“While everyone in America gets to cast a ballot on Election Day,” Washington Post columnist Perry Bacon, Jr., explains, “in reality rich people, corporations, foundations, politicians and other elite individuals and organizations have outsize power.”
Ah, the Washington perspective … but don’t worry, Bacon adds, “The media that those people consume is telling them clearly that the current Republican Party is a threat to the nation’s future.”
Notice he does not use the term “informing” or “educating.”

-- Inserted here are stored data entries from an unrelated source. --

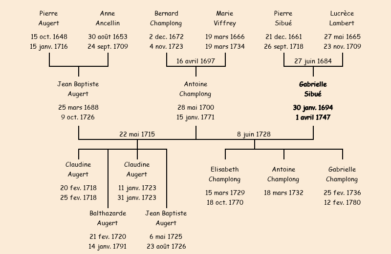Epouse : Gabrielle Sibué (veuve de Jean Baptiste Augert), fille de feu Pierre |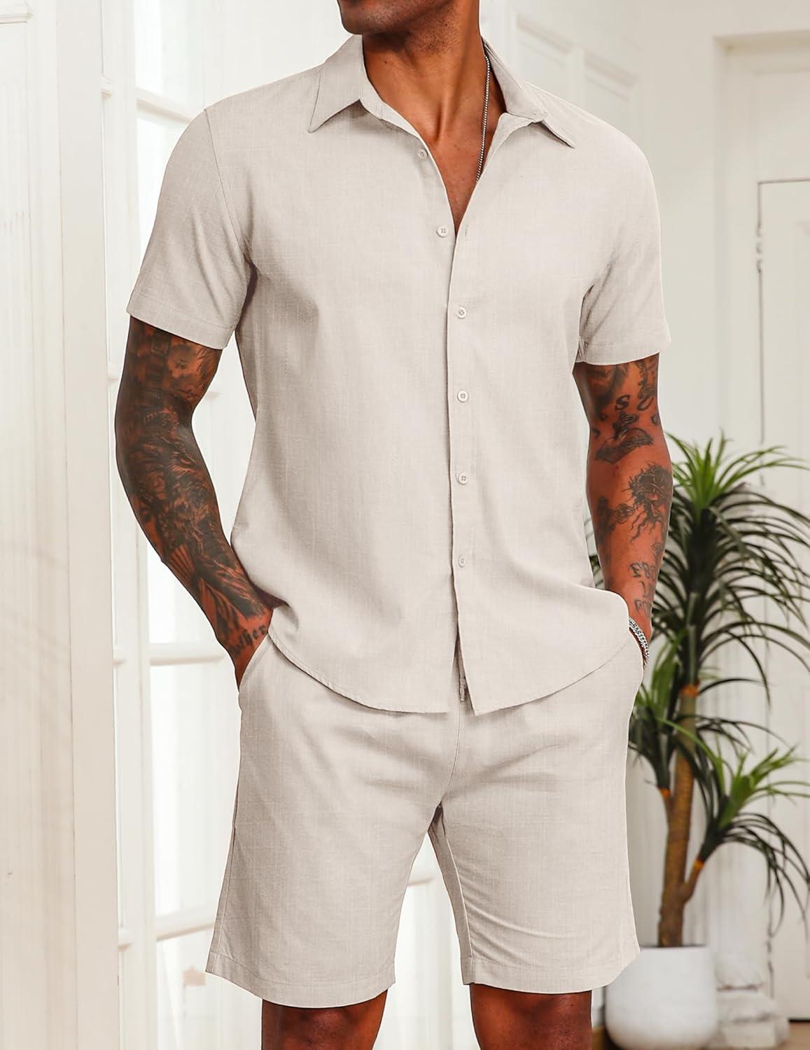 Get your hands on our newest COOFANDY Men’s 2 Pieces Cotton Linen Set Short Sleeve Button Down Shirts Summer Beach Shorts Casual Outfits(Shallow Coffee) and enjoy a limited-time discount offer.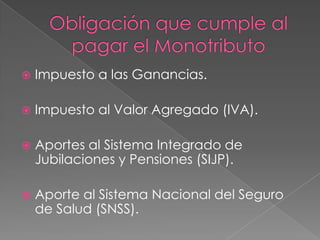 El monotributo es un régimen simplificado para pequeños contribuyentes que concentra en un único tributo el componente impositivo y previsional. Los monotributistas deben inscribirse en la AFIP y en la Dirección General de Rentas de su provincia. Pueden ser monotributistas personas físicas, sucesiones indivisas, cooperativas de trabajo y algunas sociedades de hecho e irregulares, siempre que cumplan con los límites de facturación, superficie, energía eléctrica y alquiler establecidos.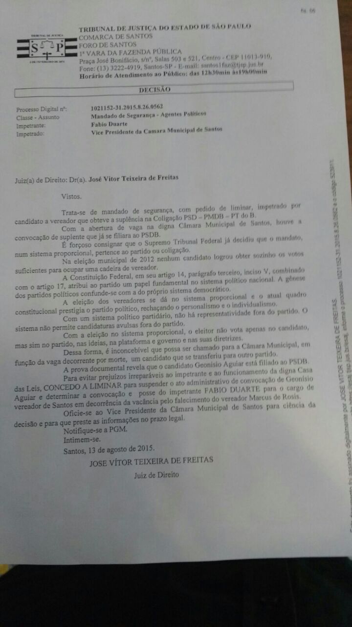 O suplente de vereador do PSD, Fábio Duarte, obteve há pouco uma liminar concedida pelo juiz José Vitor
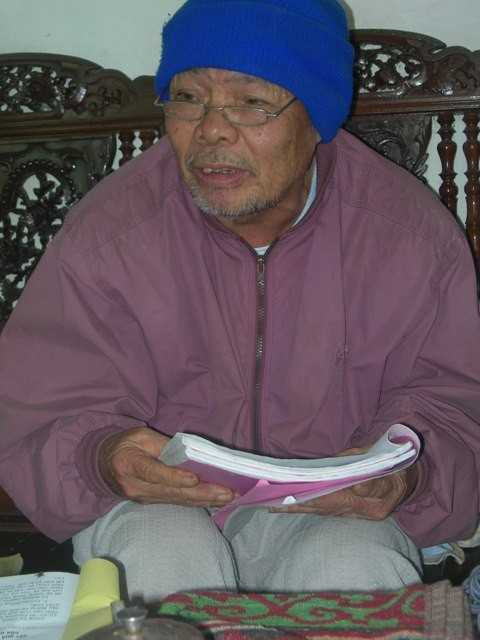 | Cụ Đặng Văn Thức bên từ đường dòng họ |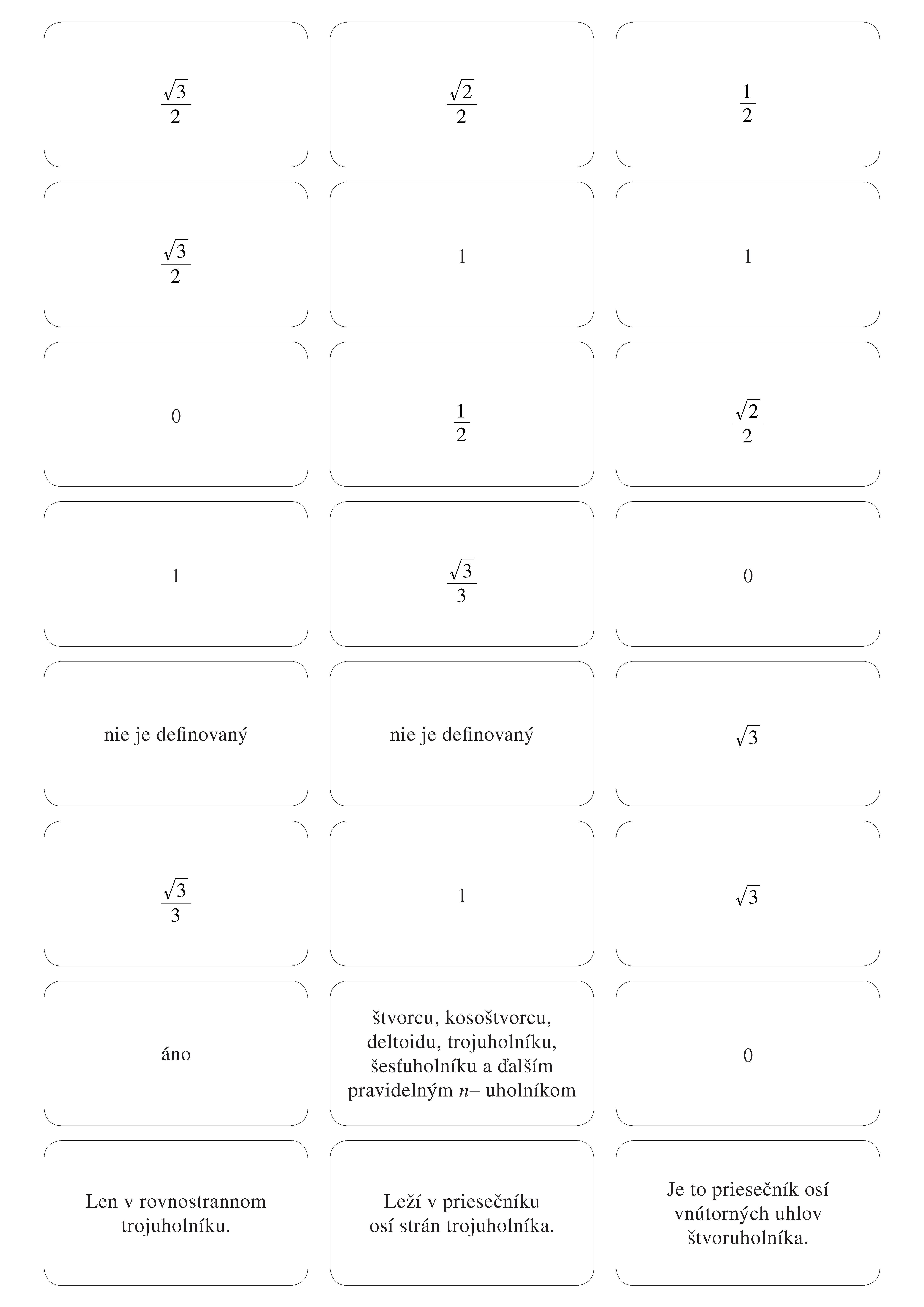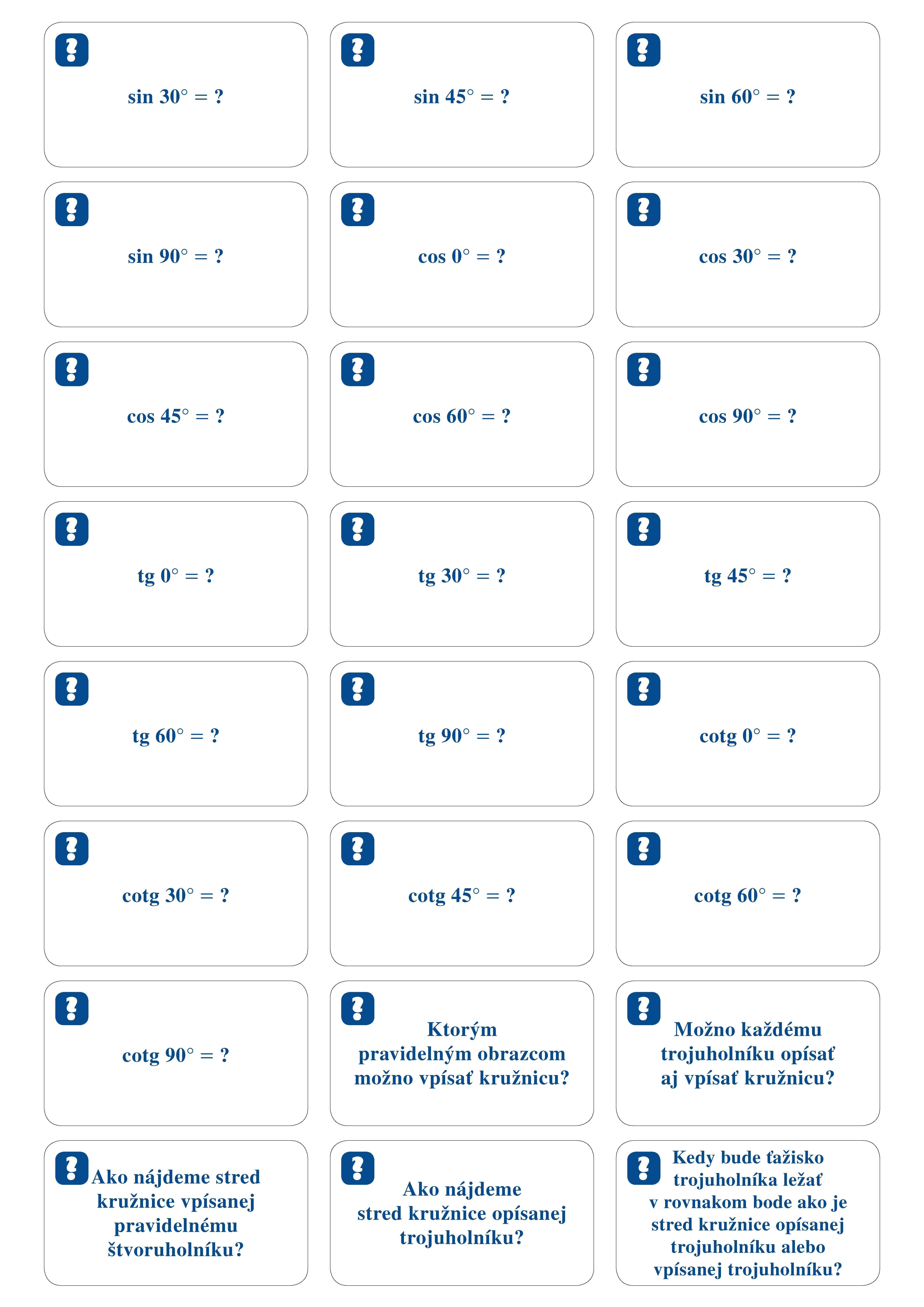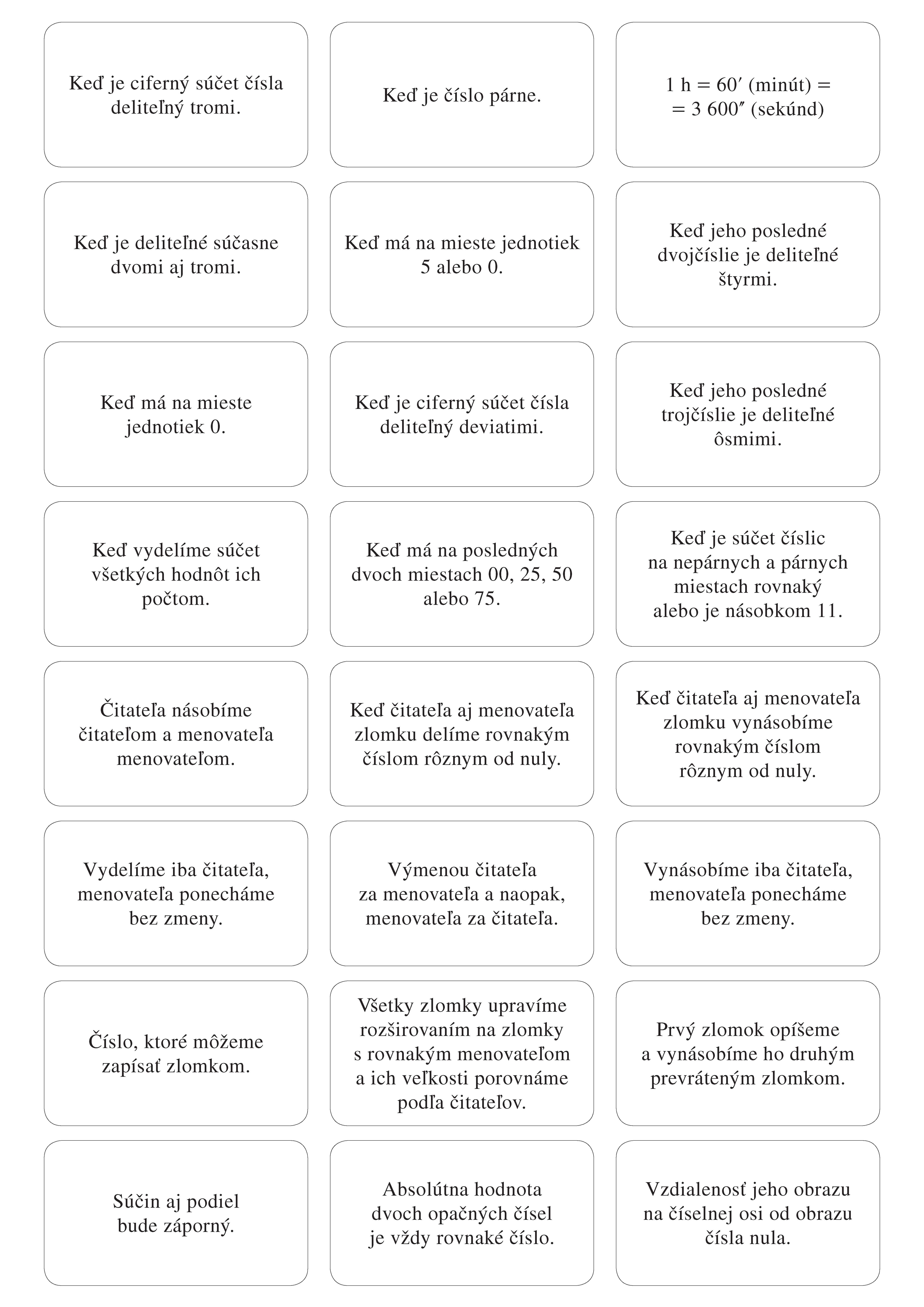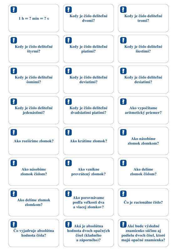 192 kartičiek so základným učivom z matematiky pre 2. stupeň ZŠ môžeš mať stále pri sebe. Na jednej strane kartičky je otázka, na druhej správna odpoveď. Zostav si vlastný súbor a precvičuj témy, ktoré v škole práve preberáte.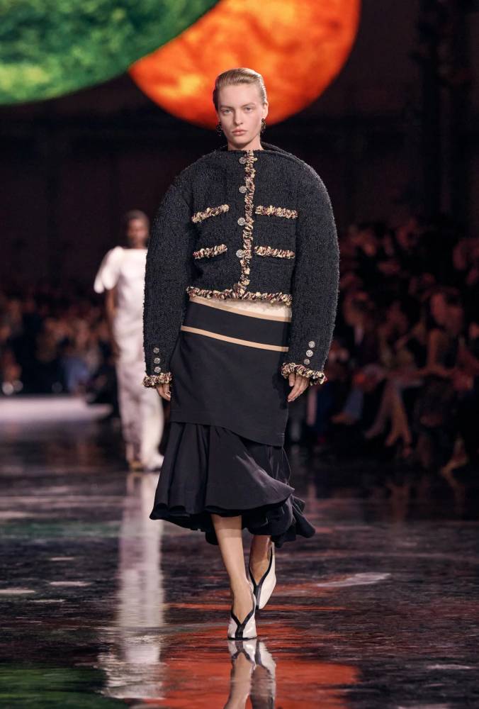 I woke up early Tuesday to a frenzy of posts from Paris Fashion Week’s show finale: Reels, clips, and images straight from the runway spamming my feed after Matthieu Blazy’s Spring-Summer 2026 show for Chanel. The Grand Palais had been transformed into a cosmic theater with glowing planets hung from the dome, reflections rippling across the runway like a Milky Way—a sense that Chanel had been launched into a new universe entirely.

America’s major media is a pit of partisan vipers more interested in how they can spin the news to turn votes their way, than on what you, as a citizen of a democratic constitutional republic, need to know to make informed decisions your way.
Mr. Bacon remains convinced, however, that the press “still doesn’t go far enough.”
He decries that “GOP radicalization and democracy erosion isn’t being covered extensively or aggressively by a big, important chunk of the media — the morning and nightly news shows of the big broadcast channels (NBC, CBS, ABC) …”
Can’t be serious, can he?
The columnist, like so much of the national press corps, believes in “an emboldened media.”
In fact, he is mightily disappointed that more news coverage “doesn’t implicate the GOP.” Bacon justifies the thumb on the scale because “in most cases,” he asserts, “the GOP’s behavior is far worse than the Democrats’.”
I think we’re supposed to take his word for that … or maybe already suspect as much — if well-lectured in the right universities.
Bacon’s column is headlined, “The rise of pro-democracy media.”
Close in letters, but what he and other “journalists” are calling for is Pro-Democrat Media.
This is Common Sense. I’m Paul Jacob.